Botulinum neurotoxin is produced by Clostridium botulinum, an anaerobic bacterium, and causes paralysis of striated muscles, causing a disease called botulismus, which can be serious enough to lead to death. While this toxin can be taken with food, it can colonize especially in the intestines of infants. It may also develop as a result of injuries. When contaminated food is consumed, it enters the systemic circulation via the gastrointestinal tract and binds to cholinergic motor neurons, inhibiting the release of atylcholine. Thus, striated muscles cannot contract, paralysis occurs, and damage to the diaphragm can affect breathing and lead to death.
Botulinum neurotoxin has been used for treatment purposes for more than 20 years. It is used in neurological, otolaryngological, ophthalmological, urological gastrointestinal diseases, cosmetic purposes and pain treatment.
It is used in the treatment of hyperkinetic, that is, movement disorders that occur with increased muscle contractions than normal, among neurological diseases. These diseases are cervical dystonia, oromandibular dystonia, blepharospasm, hemifacial spasm, dystonic and spastic contractions of arms and legs, laryngeal (larynx) dystonias, tremors, myoclonus and tic disorders.

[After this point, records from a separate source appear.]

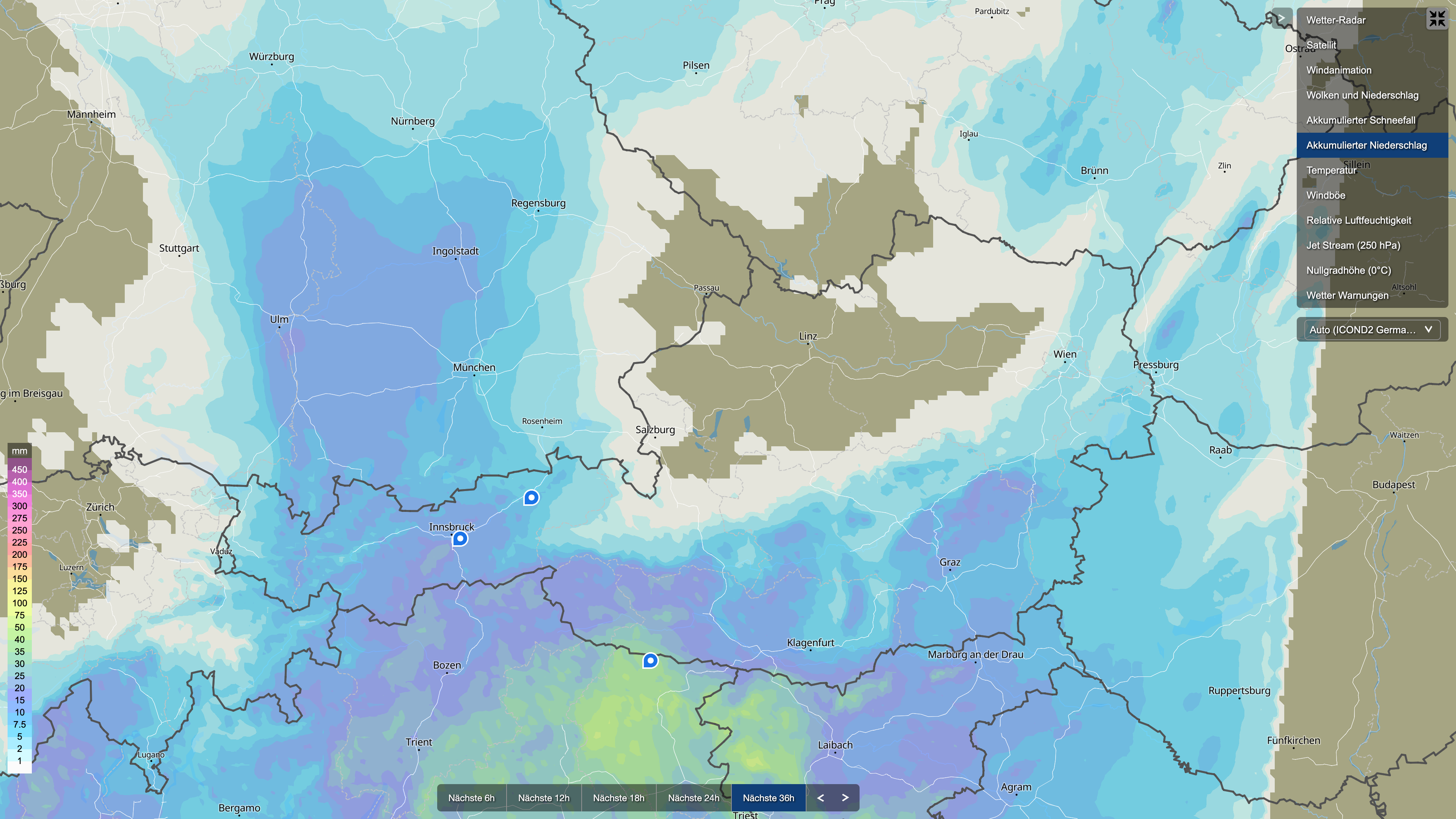 Der Schwerpunkt der Niederschläge liegt klar im Alpenraum. Besonders begünstigt sind: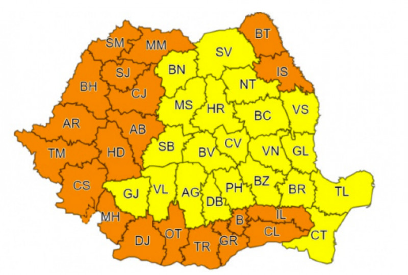 Pentru sâmbătă a fost emis și un cod portocaliu de căldură în intensificare și disconfort termic accentuat. În Banat, cea mai mare parte a Crișanei, sudul Olteniei și al Munteniei se vor înregistra temperaturi maxime în general de 37…38 de grade, iar minimele se vor situa între 19 și 26 de grade, astfel încât disconfortul termic va fi accentuat. Indicele temperatură-umezeală (ITU) va depăși pragul critic de 80 de unități.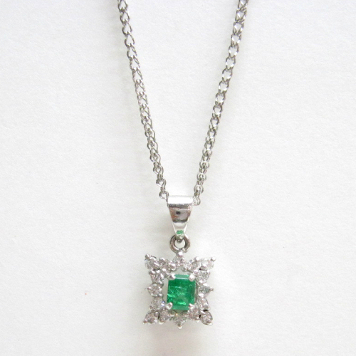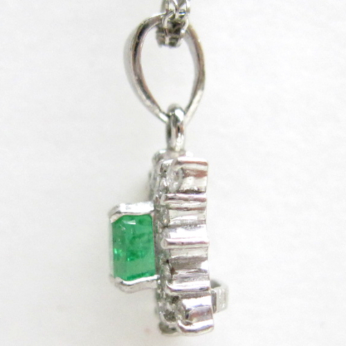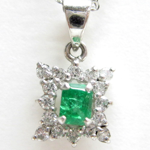 こちらはエメラルド/ダイヤ プラチナペンダントネックレスになります 5月の誕生石であるエメラルド そのエメラルド0.17ctを頂点に、周囲にダイヤ合計0.22ctあしらった ペンダントトップです ペンダントトップはプラチナ900、ネックレス部分にはプラチナ850を使用 本物の地金物の持つ重厚感、輝きがあります ハイクオリティージュエリーをお探しの方はぜひお求めください 【商品詳細】 地金:ペンダントトップ部 プラチナ900(刻印あり) ネックレス部 プラチナ850(刻印あり) 石:エメラルド0.17ct ダイヤ0.22ct サイズ:ネックレス長40センチ(アジャスターにて4.5センチ短く調節可能) 重量:2.5グラム |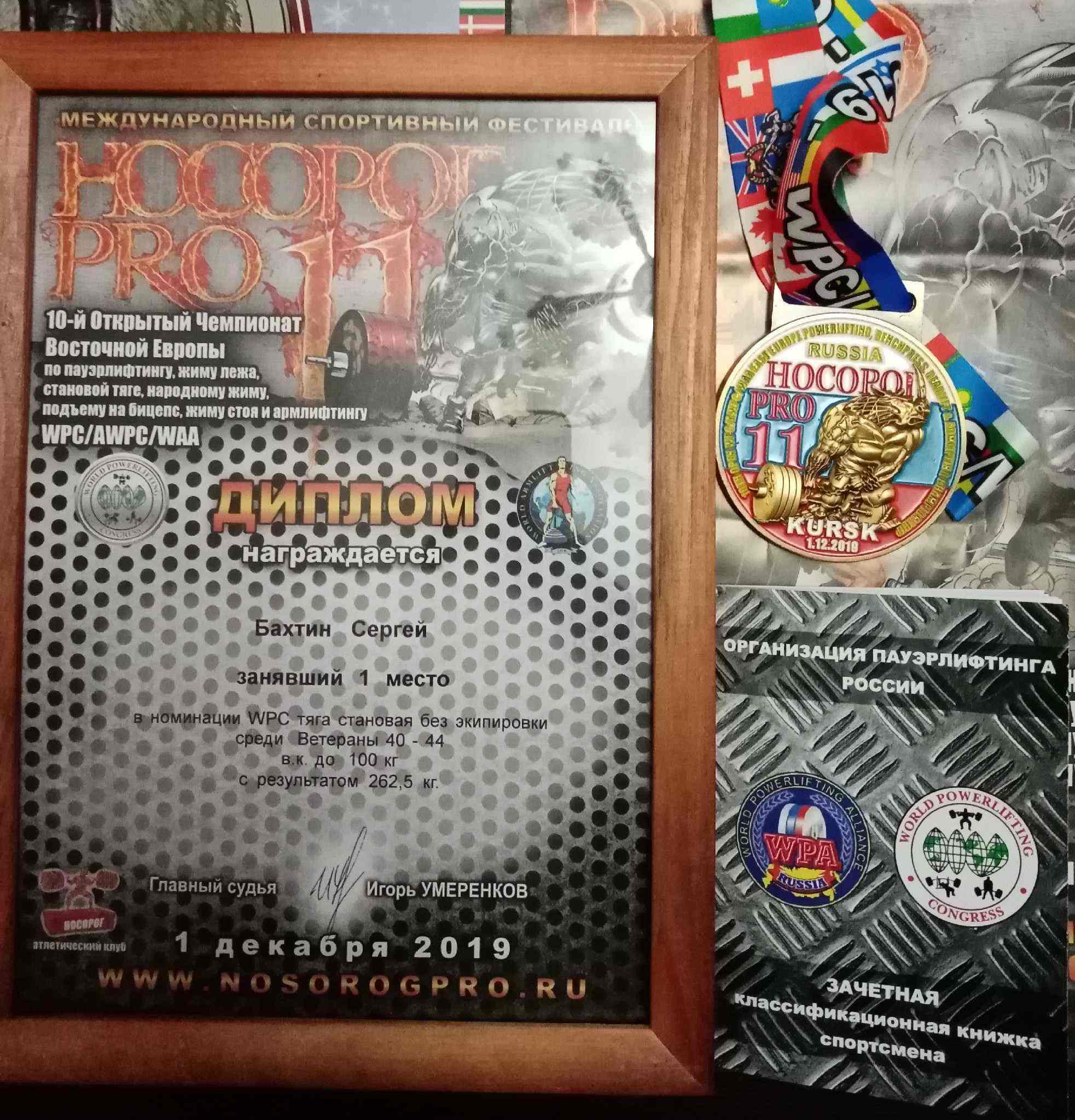 Выступал в дисциплине "становая тяга без экипировки" WPC. Занял 1 место в категории до 100 кг. "Ветераны 40-44", с результатом 262,5 кг. попутно выполнив норматив КМС в становой тяге по версии федерации WPC/AWPC.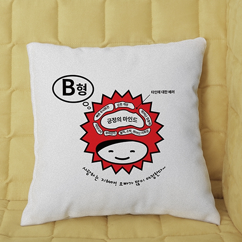 A형,B형,O형,AB형 등의 혈액형별 개성을 코믹하게 표현한 쿠션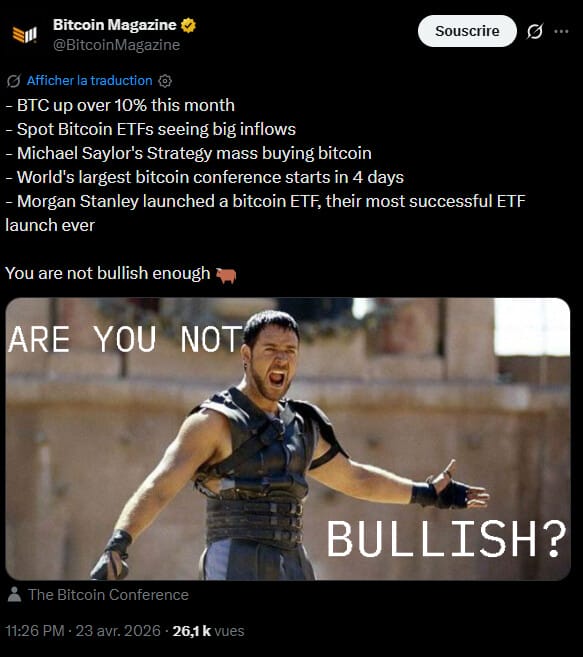Jusqu’ici tout va bien… Le marché du Bitcoin affiche une dynamique contrastée en ce mois d’avril. Alors que les fonds négociés en bourse (ETF) au comptant aux États-Unis enregistrent une série d’entrées de capitaux ininterrompue, les données issues de la blockchain révèlent un comportement de vente soutenu chez les détenteurs à court terme. Cette dualité entre l’accumulation institutionnelle et la distribution des investisseurs récents place le cours de l’actif dans une zone de prix déterminante pour la suite de la tendance annuelle. Détails à suivre.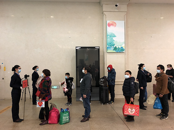 晚上9点左右,再次扫健康码、测体温,没有查看任何手续,李智伟直接进站了。候车室乘客不多,大部分只戴了口罩,个别穿防护服、带橡胶手套。人们自动隔开1米远,几乎没有交流声。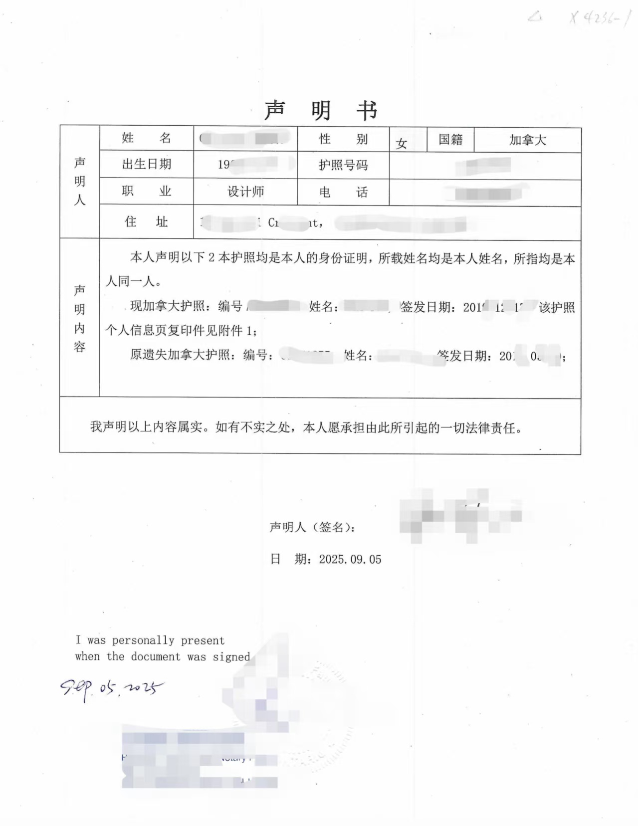 在与我们沟通后,我们建议张先生出具一份《同一人声明书》,明确写明:旧护照编号、签发日期及遗失情况,以及新护照编号、签发日期,并声明二者系同一自然人所有。声明书由我们协助撰写,保证用语符合加拿大律师公证和中国银行要求。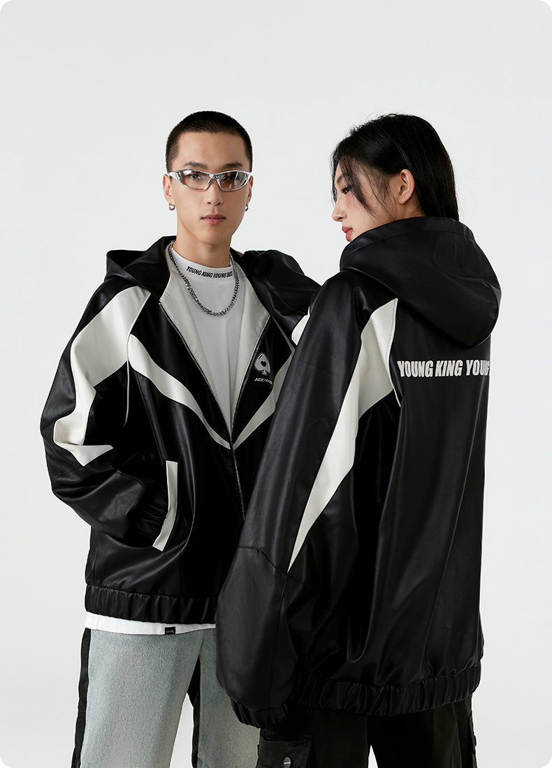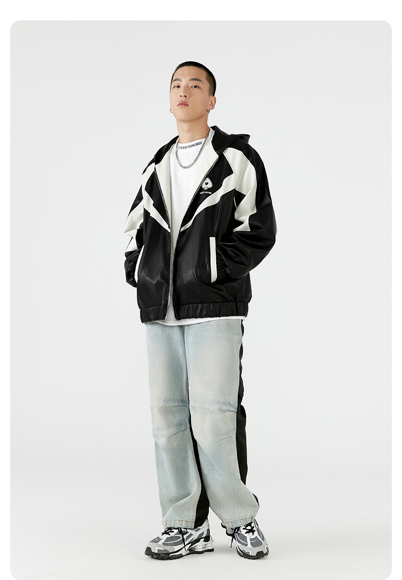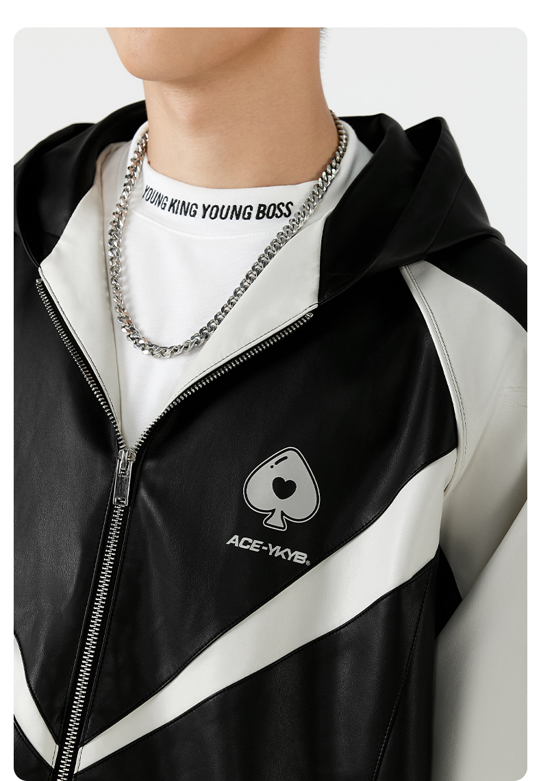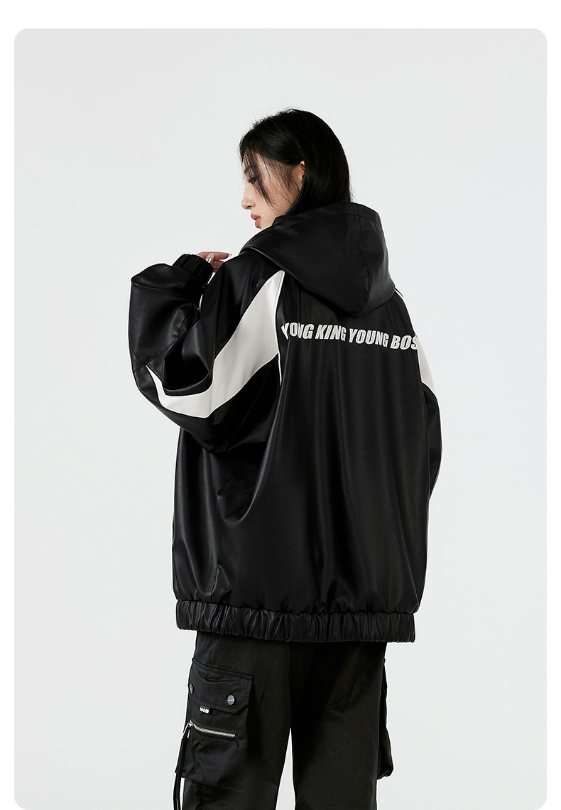 YKYB 黑白拼接撞色连帽夹克潮牌秋季新款上衣美式街头宽松PU外套

After botulinum toxin is injected into the muscle, the nerve It prevents the release of a substance called acetylcholine to the neuromuscular junction by being taken to its terminal via endocytosis. If this substance is not released to the neuromuscular junction, the muscle cannot contract and a kind of paralysis occurs. This plays a therapeutic role for a muscle that already has abnormal contractions. The effect of the drug becomes effective within 1-2 weeks, the abnormal, involuntary contraction of the muscles decreases, disappears and returns to normal. The effect of botulinum toxin lasts for 3-6 months, it is not permanent, the injection must be repeated when the drug is ineffective and involuntary contractions start again.
Cervical Dystonia:
Cervical dystonia is one of the most common primary dystonias. It often begins in adulthood and can also be seen in childhood. There are involuntary contractions in the neck muscles, causing disorder in head and neck posture, often accompanied by pain, and tremors may also occur in the head. Head torticollis8 Turned to the side), laterocollis (turned towards the shoulder), anterocollis (leaning forward) or retrocollis (arched Oromandibular dystonia (OMD) is one of the focal dystonias. It affects the facial, chewing and tongue muscles. The mandibular component of OMD may cause repetitive jaw opening, closing, and shifting. These movements may cause involuntary tongue, cheek and lip biting, difficulty in speaking and chewing. It causes very significant problems in social life and quality of life.
BLEPHAROSPASM AND HEMIFACIAL SPASM
Blepharospasm is characterized by increased contractions that cause the eyelids to close, it affects both eyes together, sometimes it starts unilaterally.
While usually only the muscles around the eyes are affected, rarely the eyebrows, lips, chewing, tongue, pharynx and larynx muscles may also be affected. Initially, there is increased blinking and eye discomfort against bright light. There is depression, anxiety, social isolation, and 12% of cases can be considered blind. In most cases, there is no obvious cause.
Hemifacial spasm is characterized by irregular, repetitive, involuntary tonic-clonic muscle contractions in one half of the face. It is seen in adults, affects vision by causing eye closure, and reduces the quality of life by affecting the person socially.
It is thought to be due to the compression of the arteries, especially the anterior inferior cerebellar artery or posterior inferior cerebellar artery, in the exit zone of the facial nerve in the brainstem. Acoustic neuroma, facial nerve neuroma and adenoid cystic tumors may also cause it.
FOCAL ARM AND LEG DYstonia
Writer's cramp is the most common form. It has been known since the 18th century. While doing work with the hand, there is a contraction in the internal and forward flexor muscles, and this contraction does not allow the work to be done.
Contractions seen in the foot are rarer and can be seen as a complication of l-dopa treatment in the early or late stages of Parkinson's disease.
>OTHER MOVEMENT DISORDERS
It may be effective in tremor (tremor), especially in hands, arms and head tremors. It is effective in idiopathic, Parkinson's or cerebellar tremor. It is also effective in jaw and voice tremor and plate tremor. Rigid akinetics should also be used in Parkinson's patients, in contractions that cause a fist position in the hands.
In the treatment of vocal and motor tics, myoclonus and It is also effective in stiff-person patients.